English proficiency in Thailand still a ways to go

English proficiency in Thailand still a ways to go

Past assessments of English proficiency within Thailand have been disappointing. English First (EF), a private company that collects data based on results from English proficiency tests, found that Thailand ranked 53 out of 80 countries globally and 15 out of 20 Asian countries examined. These scores actually reflect an improvement over prior years with Thailand now outscoring some of its neighbours, namely Cambodia and Laos. Myanmar's dedication to English proficiency is so low that it does not even have an EF presence. However, Thailand is still outranked by regional countries like China, Malaysia, Singapore and Vietnam.

The importance of English as a lingua franca is, of course, important to tourism which now makes up about 12% of the Thai economy. In 2017, 35.28 million tourists visited Thailand and that number is expected to rise to 37.55 million in 2018. The continued increases over the past few years can primarily be attributed to visitors from mainland China on budget tours who are linguistically cloistered. Yet, higher-end Chinese tourists, travelling outside packages, are rapidly increasing and relying on English as is the case for a wide socio-economic span of European tourists. Proficiency in English affects other areas of the Thai economy also, especially in the technology industry where advances in research, development, and innovation, as well as maintenance, is often contingent on utilisation of knowledge written in sophisticated or academic English.

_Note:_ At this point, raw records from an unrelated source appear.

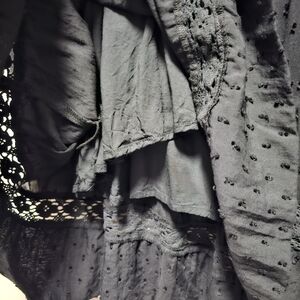 Cute black eyelet midi dress with button-front detail from Ann Taylor LOFT. Sleeveless and lined, size 4. Black marking on the tag to prevent retail returns.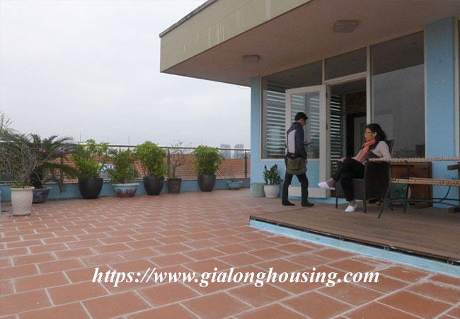 Tầng trên cùng là cho sân thượng, kích thước của nó là 80 m2. Nó có bàn ngoài trời và ghế. Có một phòng tắm với phòng xông hơi và bể sục. Một phòng lưu trữ và giặt xong sàn này.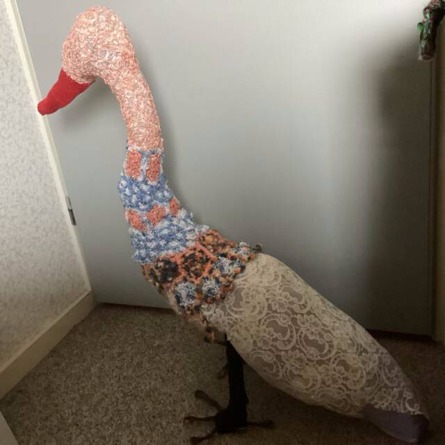 Daarna was het tijd om een frame te maken van metaaldraad. Dat frame is absoluut nodig om de lange hals rechtop te kunnen laten staan en de vogel mooi in model te houden. Voor het maken van het frame kreeg ik hulp van Jan. Toen het frame erin zat kon de vogel worden opgevuld met kleine stukjes stof, draadjes en fiberfill. Nu werd het tijd om poten te maken. Om de poten voldoende stevigheid te geven gebruikten we stokjes en metaaldraad. Aan de uiteinden van het metaaldraad (electriciteitdraad) vormde ik de tenen. Het was wel even zoeken om de juiste balans te vinden voor de vogel, zodat hij stevig zou kunnen staan. In deze fase kwam ook Ingrid nog even helpen. Uiteindelijk kon de vogel staan en was er een basis om verder op te werken.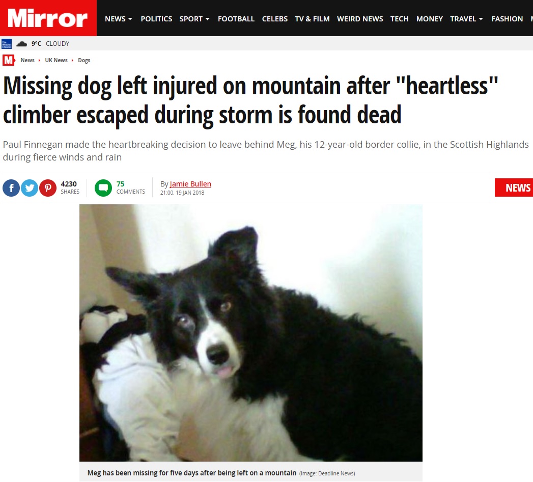 견주 폴 피네건은 지난 14일 영국 스코틀랜드 빈 스걸래어드 산에 12살 된 보더콜리 반려견 ‘메그’를 데리고 올라갔다. 거센 폭풍우가 몰려오자, 피네건은 메그를 남겨두고 홀로 하산하는 결정을 내렸다. 다리를 다친 반려견과 같이 하산하긴 불가능하다고 판단한 것.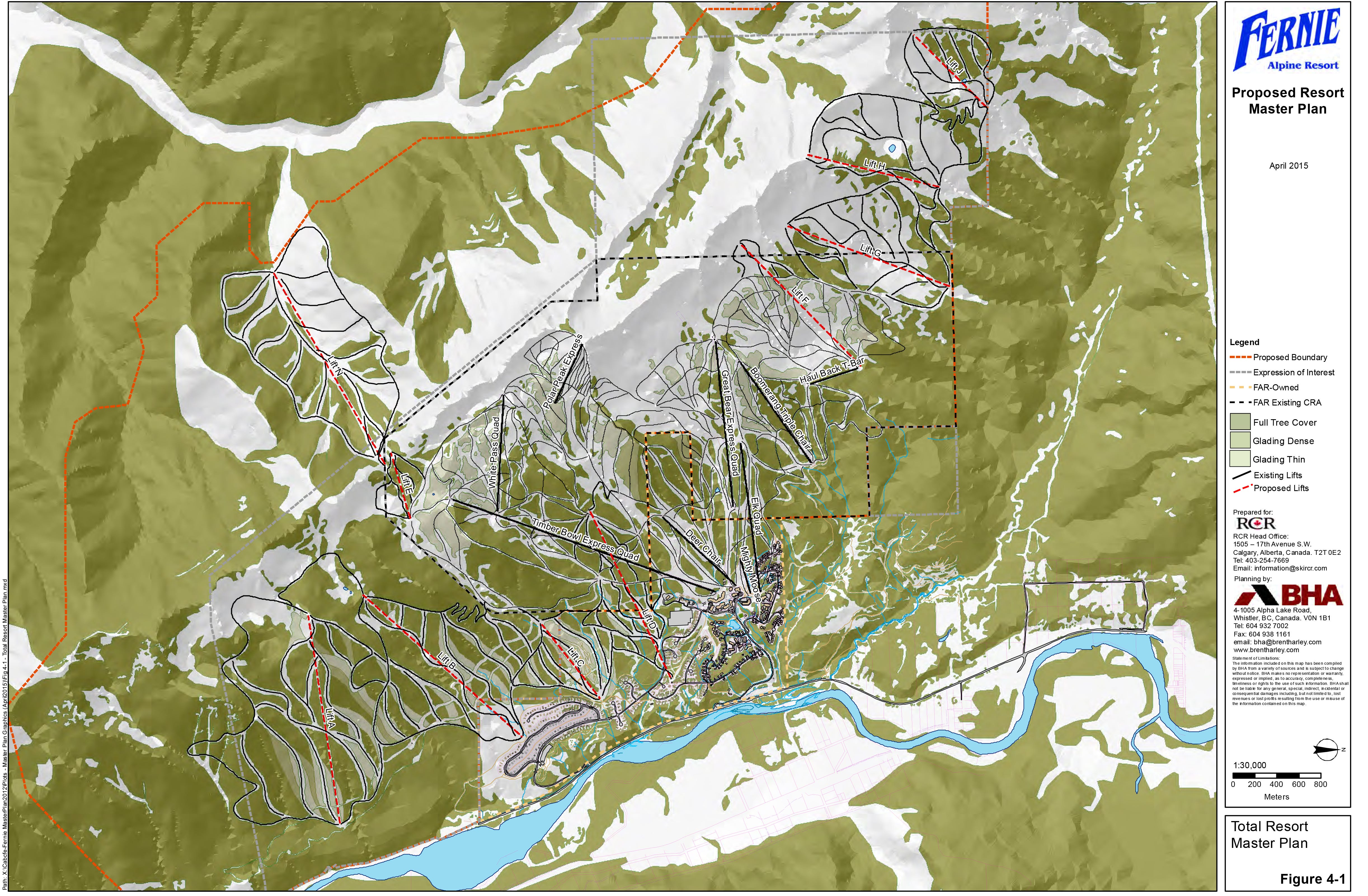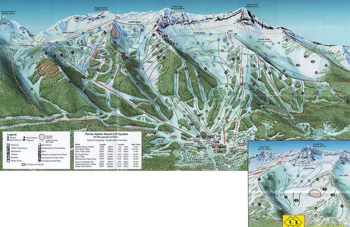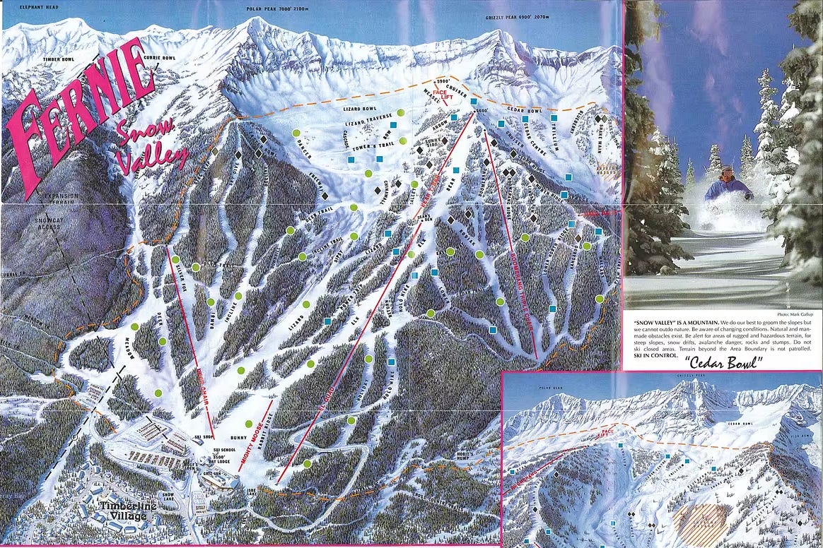 Like so many B.C. ski areas, Fernie was, for decades, a relatively small operation crowded at the base of a huge mountain. Here’s a 1996 snapshot of the resort boundaries and rustic lift network: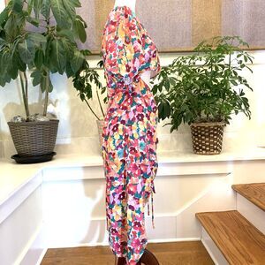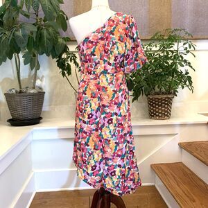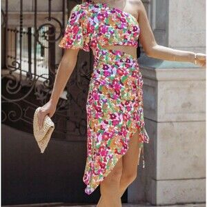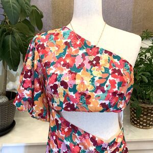 Vici Jeneva Dress Large Floral Cutout Ruched Midi- NWT Women One Shoulder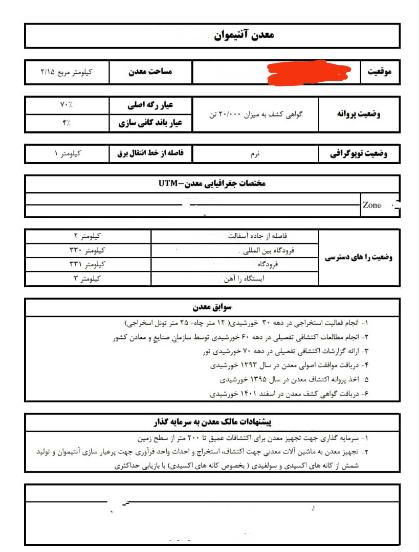 یک واحد معدن آنتیموان دارای آنالیز و آماده بهره برداری واگذار میگرددلذا جهت استعلام قیمت و اطلاعات بیشتر تماس حاصل فرمایید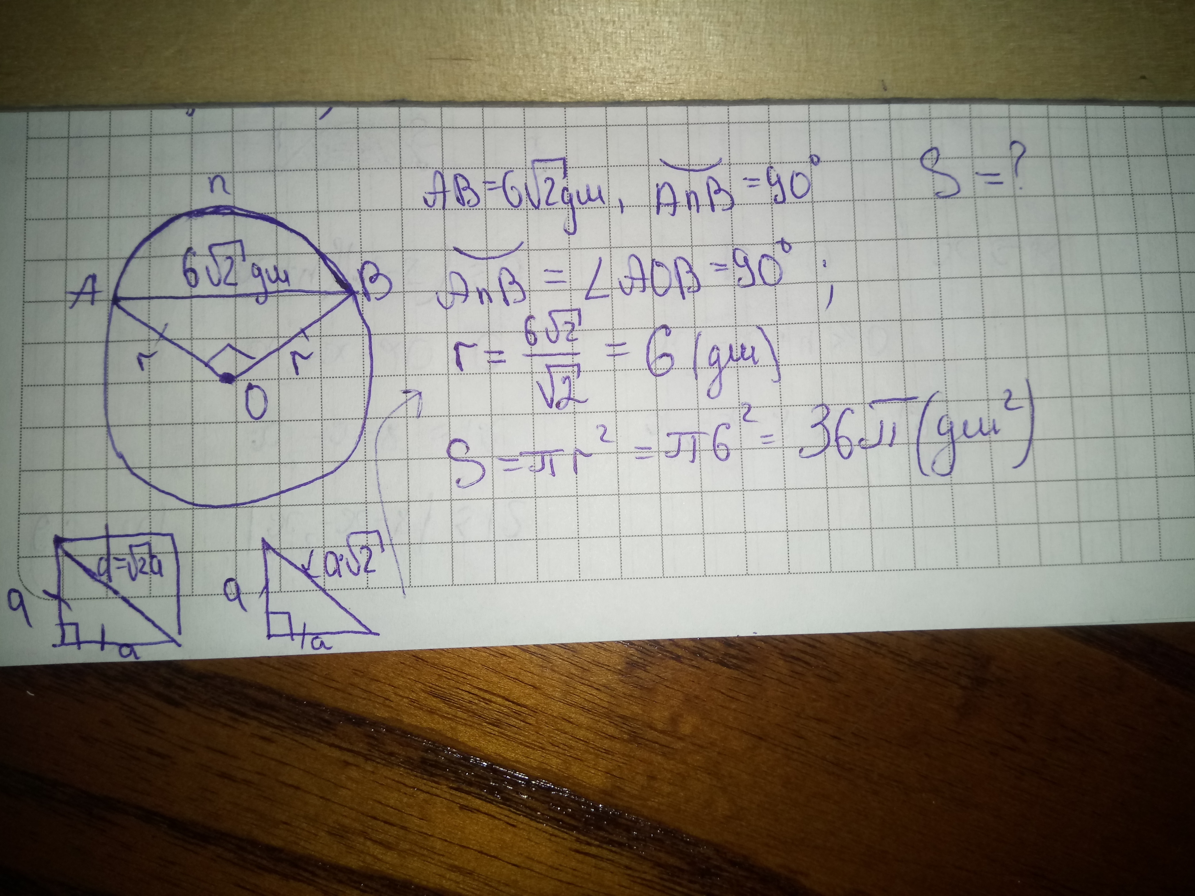 хорда окружности равна 6 корней из 2 дм и стягивает дугу в 90 градусов.Найти площадь круга. (с картинкой пожалуйста)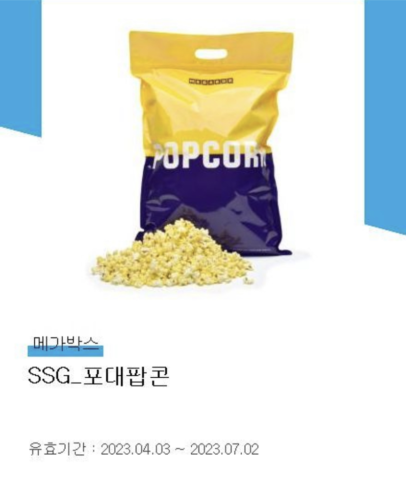 메가 박스에서 포대팝콘을 팔기 시작했습다.

English proficiency is a labour skill and its deficiency in Thailand has been seen as a disincentive for locating multinational corporations in the country. It is also an obstacle against Asean integration and of any chance that Thailand can dominate the Asean economic community. Local academic inquires and studies by organisations like the World Bank and the United Nations Development Programme have generated consistent conclusions about the lack of resources for English preparation at the secondary and tertiary levels in the Thai educational system. Existing programmes are underfunded, neglected, overcrowded, and taught by poorly trained, unmotivated teachers possessing low levels of English proficiency.

Unfortunately, academic research, until now, has focused only on the speculation of English proficiency of the future Thai workforce and has ignored analysis of the existing one.

It appears that the top private companies in Thailand are making significant advances for English preparedness within their respective workforces. A one-year long study, released in the July issue of the Open Journal of Business and Management, surveyed human resource personnel at the top 100 private companies in Thailand. Respondents were selected across various business sectors and ranks.

The results show that top companies overwhelmingly (88%) acknowledge the importance of English for Thailand's integration into Asean's economic community and that at least 65% believe their workforce possesses an adequate level of English proficiency. Another 65% think that their companies are allocating adequate resources for English preparedness. In fact, the top-ranked companies in Thailand may be providing more per capita (by employee) investment in English than any other sector of Thai society, though specifics are limited due to proprietary protection.

The majority of respondents stated that Thais found learning English was not difficult. However, they also shared that Thais did not like learning English and that some were resentful of having to learn a second language to obtain employment within their own country. Assessing levels of difficulty of the four basic English language skills were as follows: Speaking (hardest), followed by Listening, Writing and Reading.

The overwhelming majority of the companies surveyed were located in the greater Bangkok area and while the findings are encouraging, it should be noted that greater proficiency in English is still concentrated in limited areas in Bangkok (primarily along a strip from the BTS stations of Siam to Phrom Phong) and portions of tourist locations like Phuket and Pattaya, with the overwhelming majority of the population not directed towards English preparedness and unaware that English is the working language of Asean.

Alexander Franco, PhD, is the Director of the Centre for International Business and Educational Research, Yangon, Myanmar. Scott Roach, PhD, is a Senior Lecturer at Stamford International University, Bangkok.